Selama ini pemanfaatan tongkol jagung yang dihasilkan masih terbatas untuk makanan ternak; atau hanya digunakan sebagai pengganti kayu bakar (Huda, 2007). Disamping melimpah, nilai ekonomi yang diperoleh juga belum tinggi. Oleh karena itu, diperlukan adanya pengembangan proses teknologi sehingga terjadi diversifikasi pemanfaatan limbah pertanian yang ada. Seperti halnya biomassa pada umumnya, tongkol jagung memiliki kandungan polisakarida yang dapat dikonversi menjadi produk atau senyawa kimia yang dapat digunakan untuk mendukung proses produksi sektor industri lainnya.

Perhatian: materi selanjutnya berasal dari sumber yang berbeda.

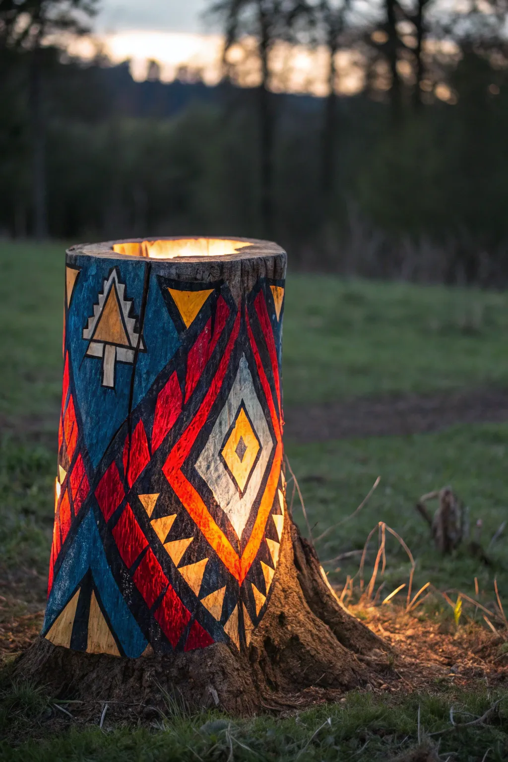 Add a touch of artistry by painting the stump with outdoor acrylics. I opted for geometric designs and watched as the lights made the colors pop at dusk.

Salah satu polisakarida yang terdapat dalam tongkol jagung adalah selulosa dan hemiselulosa, dengan persentase berturut-turut sebesar 40% dan 36%. Melihat komposisi selulosa dan hemiselulosa yang cukup besar, maka tongkol jagung sangat potensial untuk dimanfaatkan menjadi bentuk biopolimer (Huda, 2007). Sampah plastik merupakan sampah yang sulit dalam penanganannya sehingga menyebabkan masalah lingkungan berskala global. Plastik banyak dipakai dalam kehidupan sehari-hari, karena mempunyai keunggulan-keunggulan seperti kuat, ringan dan stabil, namun sulit terombak oleh mikroorganisme dalam lingkungan sehingga menyebabkan masalah lingkungan yang sangat serius. Menurut Pranamuda (2006) dalam memecahkan masalah sampah plastik dilakukan beberapa pendekatan seperti daur ulang, teknologi pengolahan sampah plastik dan pengembangan bahan plastik baru yang dapat hancur dan terurai dalam lingkungan yang dikenal dengan sebutan plastik biodegradable. Plastik biodegradable merupakan plastik yang dapat digunakan layaknya seperti plastik konvensional, namun akan hancur terurai oleh aktivitas mikroorganisme menjadi hasil akhir air dan gas karbondioksida setelah habis terpakai dan dibuang ke lingkungan. Karena sifatnya yang dapat kembali ke alam, plastik biodegradabel merupakan bahan plastik yang ramah terhadap lingkungan.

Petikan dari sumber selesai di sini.